MCP tools and A2A messages are security boundaries because an agent may call them based on user input or prompt-injected instructions.

-   Keep tool scopes narrow and explicit.
-   Prefer IDs, handles, or uploaded document references over arbitrary local paths.
-   If a tool must touch local files, require an allow-root and document the expected configuration.
-   Keep tokenless remote protocols confined to loopback. Require `AGENT_GATEWAY_TOKEN`, TLS, and an upstream identity layer before network exposure.
-   Keep MCP DNS-rebinding protection enabled. Set `AGENT_GATEWAY_ALLOWED_HOSTS` and `AGENT_GATEWAY_ALLOWED_ORIGINS` to the smallest production allow-lists that work.
-   Do not let an agent disable collaborative review or approve its own assessment.
-   Treat MCP tools as bounded capabilities and A2A as task delegation; both must call the same application service and policy checks.
-   Return minimal error details; do not echo sensitive paths or content.
-   Assume tool output may be visible to the caller and may be copied into an LLM transcript.

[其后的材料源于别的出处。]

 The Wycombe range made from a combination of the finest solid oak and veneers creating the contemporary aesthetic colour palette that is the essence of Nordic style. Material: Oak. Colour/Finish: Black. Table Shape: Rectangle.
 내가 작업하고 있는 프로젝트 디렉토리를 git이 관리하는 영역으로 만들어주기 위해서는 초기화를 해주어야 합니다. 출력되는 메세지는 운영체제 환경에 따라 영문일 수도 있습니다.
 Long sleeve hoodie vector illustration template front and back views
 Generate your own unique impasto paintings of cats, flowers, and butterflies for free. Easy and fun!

MCP 工具和 A2A 消息都是安全边界，因为 agent 可能基于用户输入或 prompt injection 指令调用它们。

-   保持工具作用域小而明确。
-   优先使用 ID、handle 或上传文档引用，而不是任意本地路径。
-   如果工具必须访问本地文件，必须要求允许根目录并记录配置方式。
-   未配置 token 时，远程协议只能绑定本机回环地址。对网络开放前必须配置 `AGENT_GATEWAY_TOKEN`、TLS 和上游身份认证。
-   保持 MCP DNS rebinding 防护开启，并将 `AGENT_GATEWAY_ALLOWED_HOSTS`、`AGENT_GATEWAY_ALLOWED_ORIGINS` 收敛到最小可信范围。
-   不允许 agent 关闭协作评审，也不允许 agent 审批自己的评估结果。
-   MCP 用于受限工具能力，A2A 用于任务委派；两者必须复用相同的应用服务和策略检查。
-   返回最小必要错误信息；不要回显敏感路径或内容。
-   假设工具输出会被调用者看到，也可能进入 LLM transcript。

### LLM Data Flow | LLM 数据流

Anything sent to an LLM provider can leave the local process. Before passing data to the LLM:

-   Confirm the data was intentionally selected by an authorized workflow.
-   Avoid sending secrets, credentials, raw `.env` content, private keys, or unrelated local files.
-   Preserve citations and metadata so generated findings can be audited.
-   Make local-model and private-deployment modes clear for sensitive use cases.

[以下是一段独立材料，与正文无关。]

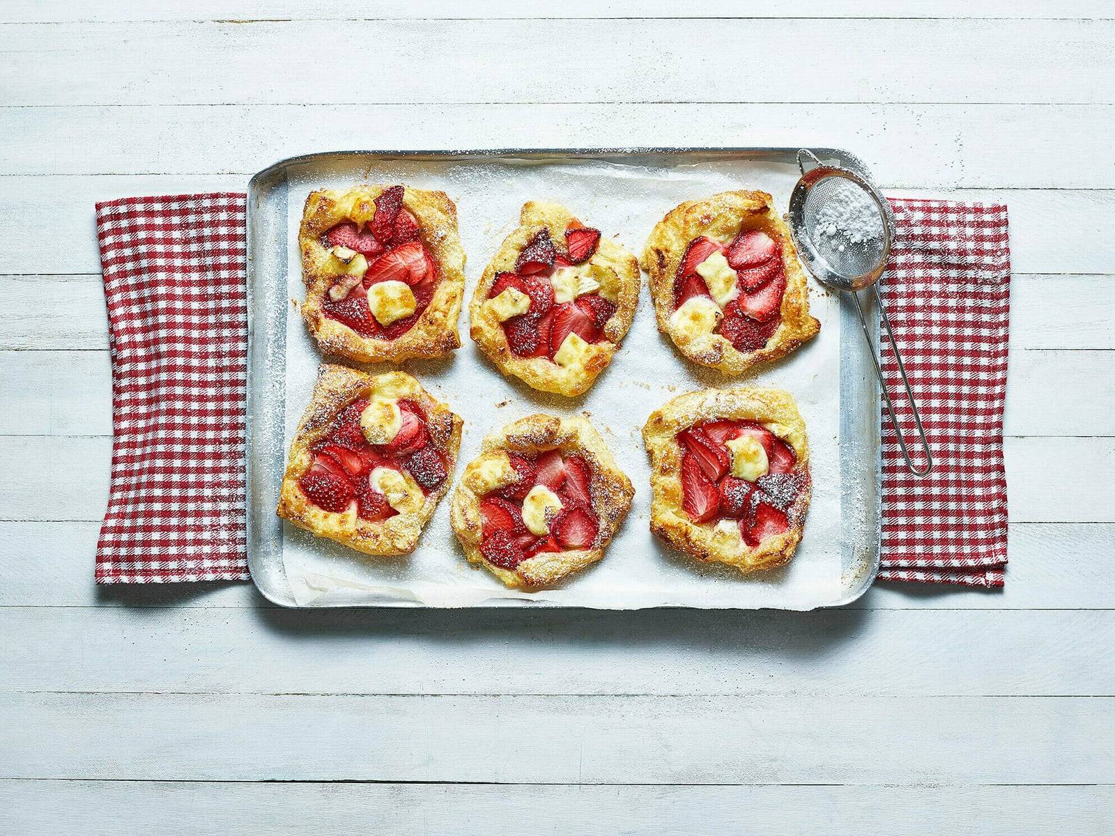 In a bowl, mix the caster sugar and cornflour together, add the strawberries and toss to coat in the sugar mixture. Divide the fruit between the pastry squares, heaping it in the middle. Scatter over the remaining cubes of Brie.
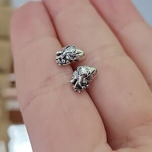 Anatomical hearts with a polished antiqued silver overlay finish; hypoallergenic posts.
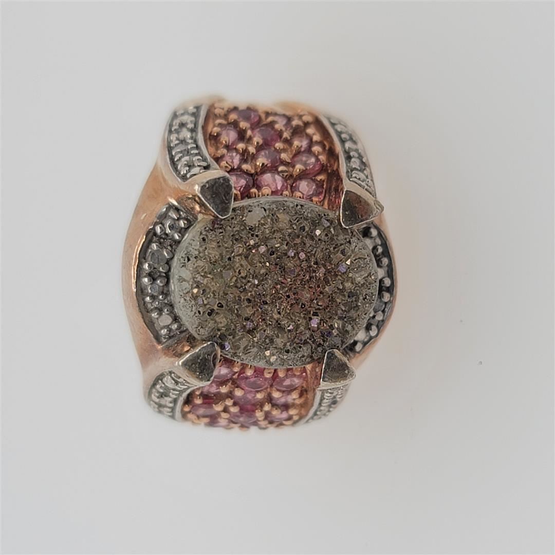One Sterling Silver Ring. The ring size is 7.5. Contains semiprecious stones.
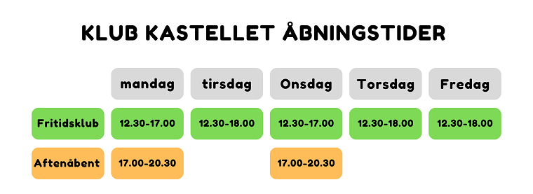 Tirsdag, torsdag og fredag har fritidsklubben åbent fra kl. 12.45-18.00.
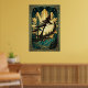 Póster Art Deco Pine Tree Silhouette Gold Teal Cliff Post
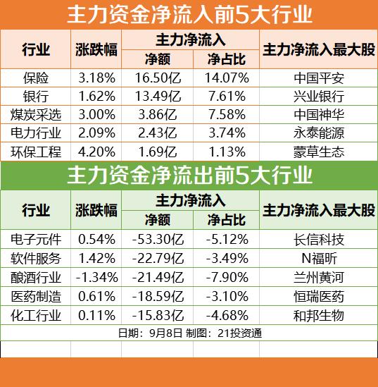 截至9月8日,北向资金合计净流入63.51亿元,终结了此前连续六日净流出的态势。其中沪股通净流入23.63亿元,深股通净流入39.88亿元。
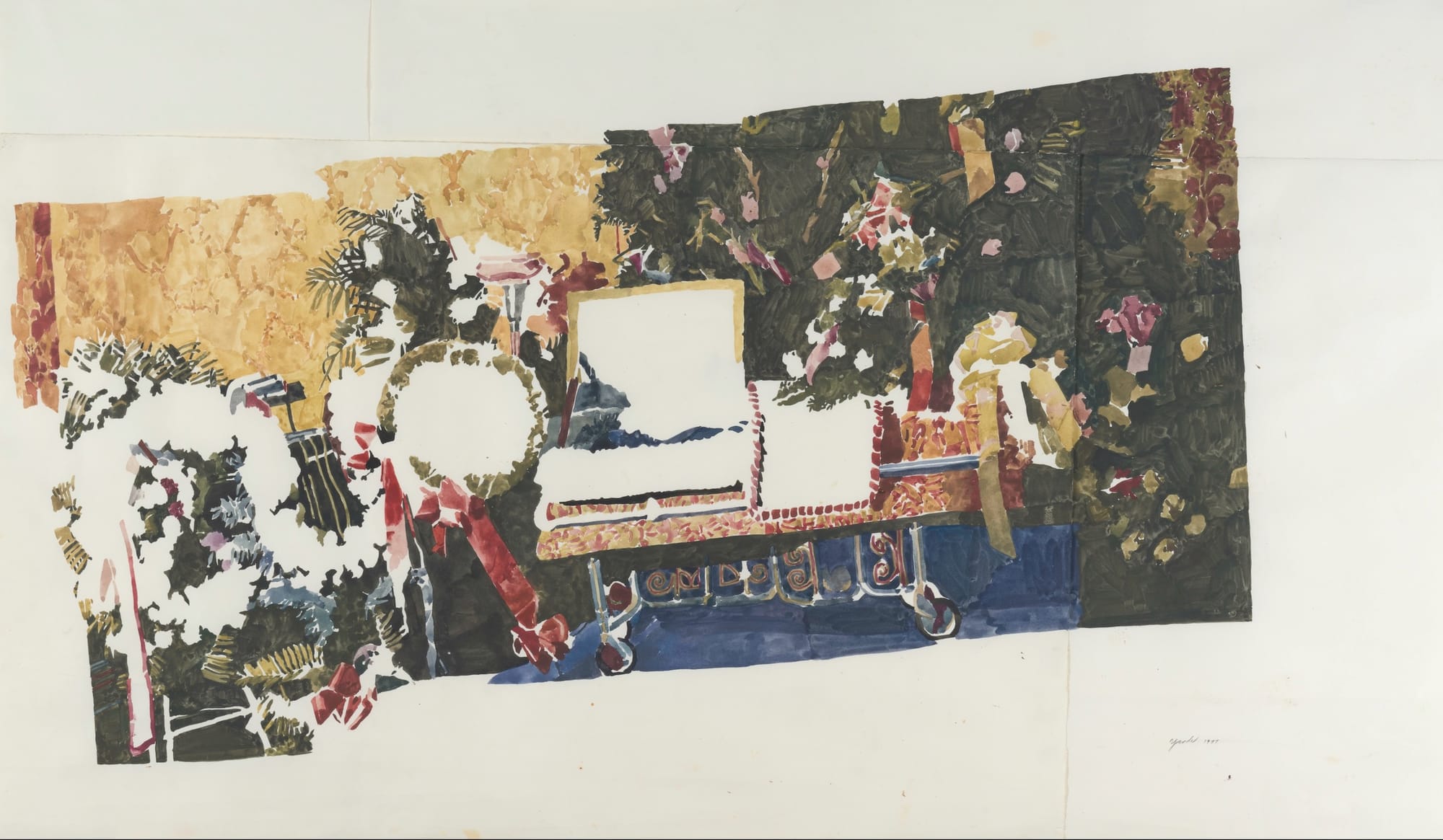 According to Shell, Yarde learned how to hand-tint photographs by watching Gibson and would practice on black-and-white newspaper images. Shell states that “a lack of correct alignment ... mimics the darkroom behavior of floating paper.” Perhaps it does. And Yarde was known to have worked from photographs. But ultimately what images such as “The Sitting” (1978) and my favorite of the entire exhibition, “The Parlor” (1980), do is make an historical document into something personal, wistful, more a vision than a visual fact. This particular watercolor is gorgeous in the way it treats fabric and creates a brightly colorful resonance among the upholstered chairs, the patterned curtain and floor, and the shirt worn by the male figure sitting with a child’s arm slung over his shoulder. It’s an image of people existing in a large room with an abundance of space. There is something joyful in that: to be able to be lavish with space, to take up as much or as little as one wants.

任何发送给 LLM provider 的内容都可能离开本地进程。传给 LLM 前应确认：

-   数据是由授权工作流有意选择的。
-   避免发送密钥、凭据、原始 `.env` 内容、私钥或无关本地文件。
-   保留引用和元数据，方便审计生成结果。
-   对敏感场景清楚说明本地模型和私有部署模式。

### Required Review Checklist | 必要 Review 检查清单

Before merging security-relevant changes, reviewers should verify:

-   New external inputs have validation, authorization, and boundary checks.
-   File access is confined before `open()`, parser invocation, indexing, or LLM processing.
-   Tests cover the denied path as well as the successful path.
-   Documentation and `.env.example` describe any new security-sensitive setting.
-   The change has been checked with `ruff`, `pytest`, and relevant frontend build/tests.

合并安全相关改动前，reviewer 应确认：

-   新增外部输入具备验证、授权和边界检查。
-   文件访问在 `open()`、parser 调用、索引或 LLM 处理前已完成范围限制。
-   测试覆盖拒绝路径和成功路径。
-   文档和 `.env.example` 描述了新的安全敏感配置。
-   改动已通过 `ruff`、`pytest` 以及相关前端 build/tests。

---

## References | 参考

-   [**SPEC.md Section 7.2**](./SPEC.md) — Security Requirements and Controls (identity, data, application, operations, supply chain).
-   [**ARCHITECTURE.md**](./ARCHITECTURE.md) — System architecture with LangGraph design and security architecture section.
-   [**docs/05-deployment-runbook.md**](./docs/05-deployment-runbook.md) — Deployment, configuration, and network requirements.

-   [**SPEC.md 第 7.2 节**](./SPEC.md) — 安全需求与控制（身份、数据、应用、运维、供应链）。
-   [**ARCHITECTURE.md**](./ARCHITECTURE.md) — 系统架构，含 LangGraph 设计与安全架构章节。
-   [**docs/05-deployment-runbook.md**](./docs/05-deployment-runbook.md) — 部署、配置与网络需求。